Let T and $T'$ be the two phylogenetic trees on X with $n=|X|$. We select arbitrarily one of the trees; here we take T. Let E(T) be the set of edges in T. For two taxa $x,y \in X$, let $P_T(xy)$ be the edges on the unique path from x to y in T. Furthermore, let Q be the set consisting of those quartets which are displayed by T but not by $T'$. For each $e \in E(T)$ the ILP contains a binary decision variable $x_e$, so $2n-3$ such variables in total.
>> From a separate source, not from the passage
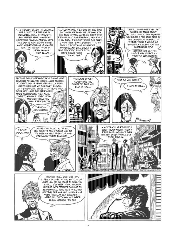 Mushroom Heads begins and ends in Maracaibo, Venezuela, where the antiquarian Levi Colombia finances an expedition to the equatorial Amazon led by Corto Maltese and Professor Steiner, on the trail of the legendary Eldorado. Banana Conga is based on a story by American writer Art Buchwald, taken by Pratt and reworked to explore the idea of a foreign presence forced to leave Mosquito, a small town on the east coast of Honduras. The dangerous and lethal enemy Venexiana Stevenson appears here for the first time, and will reappear in the future. In Voodoo for the president the action moves from Barbados to the fictional island of Port Ducal and a mock trial with a dead president who is believed alive.

There is one constraint for each quartet in Q. The number of constraints thus depends on how different T and $T'$ are, but is in any case $O(n^4)$. The ILP formulation has a Hitting Set flavor:

$$\begin{aligned} \begin{array}{l@{}ll} \text {minimize} &{} \quad \displaystyle \sum \limits _{e \in E(T)}x_{e} &{}\\ \text {subject to}&{} \displaystyle \sum \limits _{ e \in P_T(ab) \cup P_T(cd) } \quad x_{e} \ge 1 &{} \qquad \text {for each } ab|cd \in Q\\ \text {and} &{} x_{e} \in \{0,1\} &{}\qquad \text {for each }e \in E(T) \end{array} \end{aligned}$$

Rather than proving (only) that the optima of the ILP coincides with $d_\mathrm{MAF}(T,T')$, we prove the following slightly more general statement, which allows also non-optimal solutions to the ILP to be mapped to agreement forests. This is crucial to extract valid agreement forests even if it takes too long for the ILP solver to reach optimality.

Theorem 2

Let T and $T'$ be two phylogenetic trees on X. An agreement forest F for T and $T'$ with $|F|=t$ induces a feasible solution to the ILP with objective function value $t-1$. Furthermore, a feasible solution to the ILP with objective function value $t'$ induces an agreement forest F of T and $T'$ with $|F|\le t'+1$ components.

Proof

Let F be an agreement forest of T and $T'$ containing t components. By the definition of an agreement forest, there exists a subset $E_F$ of E(T) with $|E_F|=t-1$ such that deleting exactly the edges of $E_F$ in T results in a graph that contains t connected components and the partition of X induced by the taxa in these components is exactly equal to F. Note that $E_F$ is not necessarily unique. We argue that setting the decision variables corresponding to $E_F$ to 1, and all other decision variables to 0, yields a feasible solution to the ILP. Towards a contradiction, assume that this is not the case. Then there is a quartet ab|cd such that T displays ab|cd, $T'$ does not display ab|cd, and none of the decision variables corresponding to edges in $P(ab) \cup P(cd)$ are set to 1. Observe that, for each component $B \in F$, $\{a,b,c,d\} \not \subseteq B$, because otherwise $T|B\ne T'|B$ contradicting that F is an agreement forest for T and $T'$. So $\{a,b,c,d\}$ intersects at least two components of F. If $\{a,b\} \subseteq B$ and $\{c,d\} \subseteq B'$, where $B \ne B'$, then because T[B] and $T[B']$ (resp. $T'[B]$ and $T'[B']$) are vertex-disjoint in T (resp. $T'$) both T and $T'$ display ab|cd; again a contradiction. In fact, the only two possibilities are (1) that each taxon in $\{a,b,c,d\}$ intersects a different component of F, and (2) three of $\{a,b,c,d\}$ occur in a component B and the remaining taxon in $B'$, where $B' \ne B$. Hence, regardless which of (1) and (2) applies, a and b occur in different components of F and/or c and d occur in different components of F. Suppose without loss of generality that a and b occur in different components of F. Then $P(ab) \cap E_F \ne \emptyset $ which implies that there exists an edge in P(ab) whose corresponding decision variable is set to 1; yielding a final contradiction.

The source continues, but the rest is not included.